*** SOURCE INFORMATION

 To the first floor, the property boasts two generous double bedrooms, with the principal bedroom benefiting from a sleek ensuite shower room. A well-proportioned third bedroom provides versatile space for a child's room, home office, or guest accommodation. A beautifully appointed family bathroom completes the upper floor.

******
*** SOURCE INFORMATION

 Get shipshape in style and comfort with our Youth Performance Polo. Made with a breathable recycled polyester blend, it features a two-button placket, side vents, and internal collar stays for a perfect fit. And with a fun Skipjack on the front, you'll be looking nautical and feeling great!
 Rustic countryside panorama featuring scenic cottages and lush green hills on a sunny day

******

## ACTION ITEM
Repeat, character for character, the lines of the material above from the line with "Get shipshape in" through the line with "Rustic countryside panorama".

## TASK OUTPUT
 Get shipshape in style and comfort with our Youth Performance Polo. Made with a breathable recycled polyester blend, it features a two-button placket, side vents, and internal collar stays for a perfect fit. And with a fun Skipjack on the front, you'll be looking nautical and feeling great!
 Rustic countryside panorama featuring scenic cottages and lush green hills on a sunny day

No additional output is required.